Do you keep hearing good things about Mad Men, but have a hard time understanding subtext or any aspect of entertainment that can't be described as "badass" or "sexy"? Here, have some of this bullshit, which is also set in the '60s. Enjoy these shallow programs until you find yourself mysteriously bored after a few episodes.

Remember how Christina Ricci turned in such a strange and impressive performance in Black Snake Moan? It seemed as though she would never portray another character that had sunk so low, but then she played a sexy stewardess in Pan Am. You see, these aren't flight attendants, they are wide-eyed intercourse beings in a glamorous era of sex and airplanes, and their antics will warm your heart.

The Playboy Club is little more than pornography for people who can't use the internet, can't buy a Playboy magazine, and can't be bothered to change the channel to the Food Network.

New Girl

How far can the charms of Zooey Deschanel carry a series?
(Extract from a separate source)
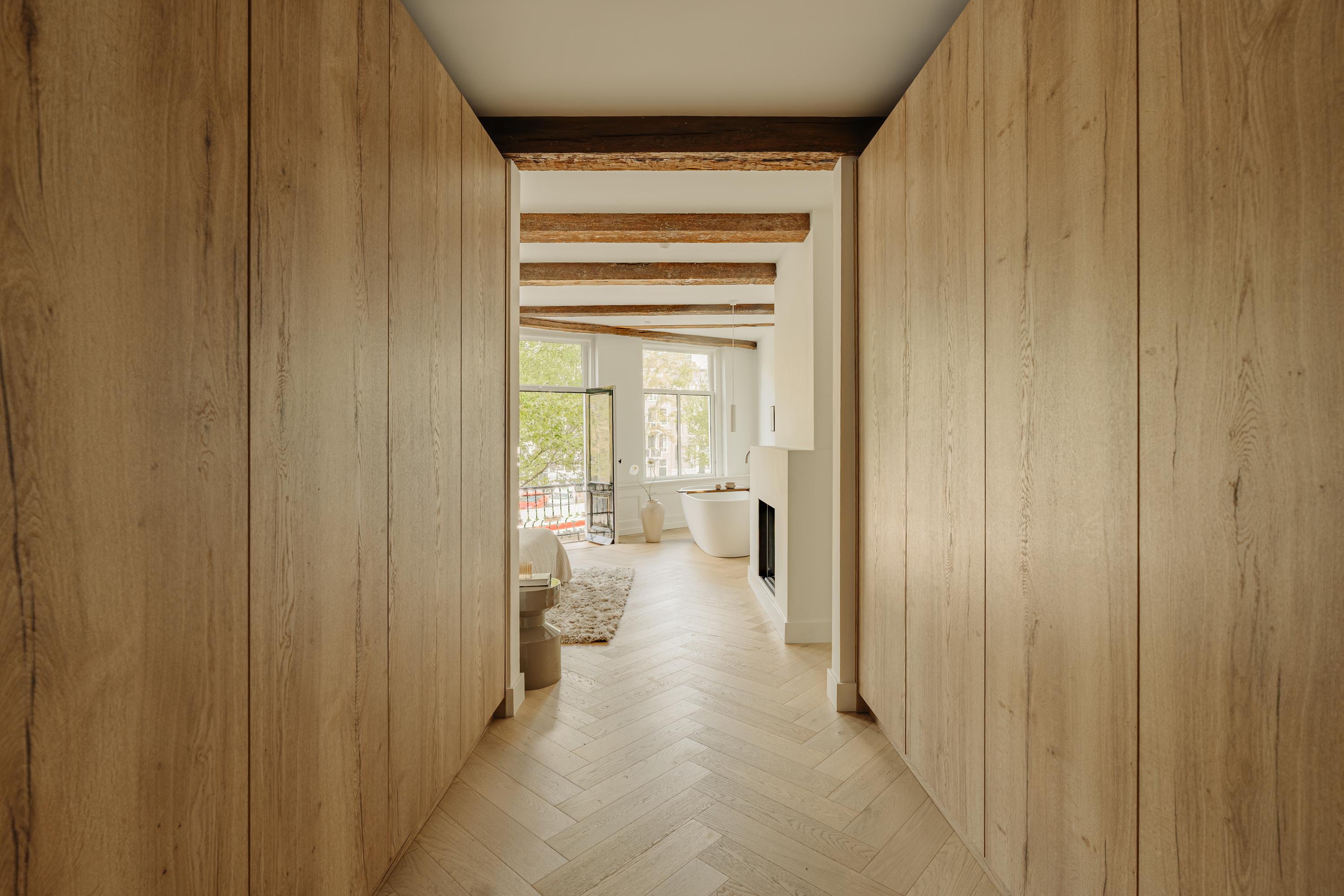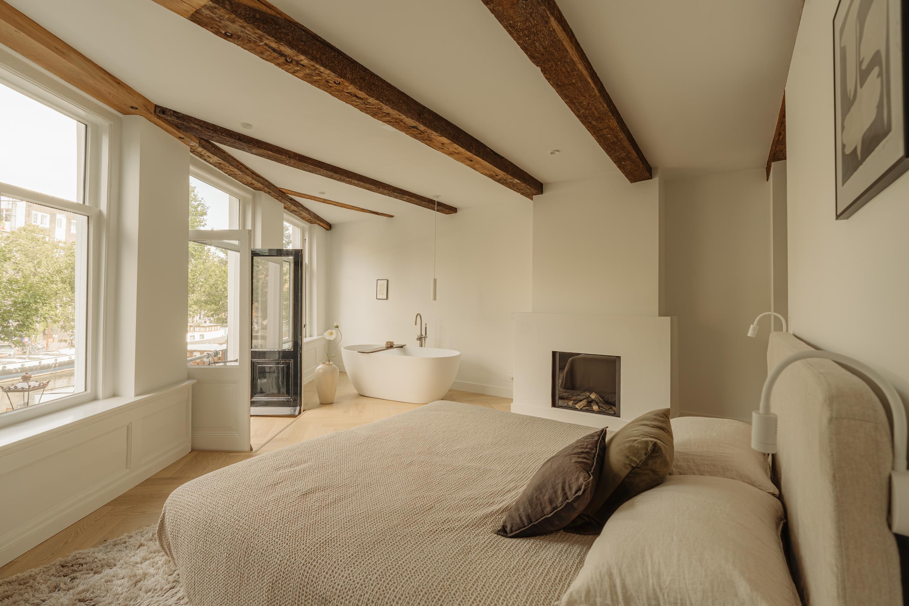 The first floor accommodates the primary bedroom at the front, offering canal views and a warm, natural, and serene ambiance thanks to its large windows. A freestanding bathtub by the window, French balcony and fireplace give the space a luxurious and intimate feel.

We're about to find out, as this show has absolutely nothing else going for it.

Thirty minutes of this, and other faces designed to make people go "DAWWW!"The premise is that an attractive woman has moved into an apartment with three men. She is quirky and awkward, but they put up with her because she has model friends. There. That's the idea, and really the entirety of the show. That was barely enough to fill one paragraph even after expanding upon the idea, and it was still a little light.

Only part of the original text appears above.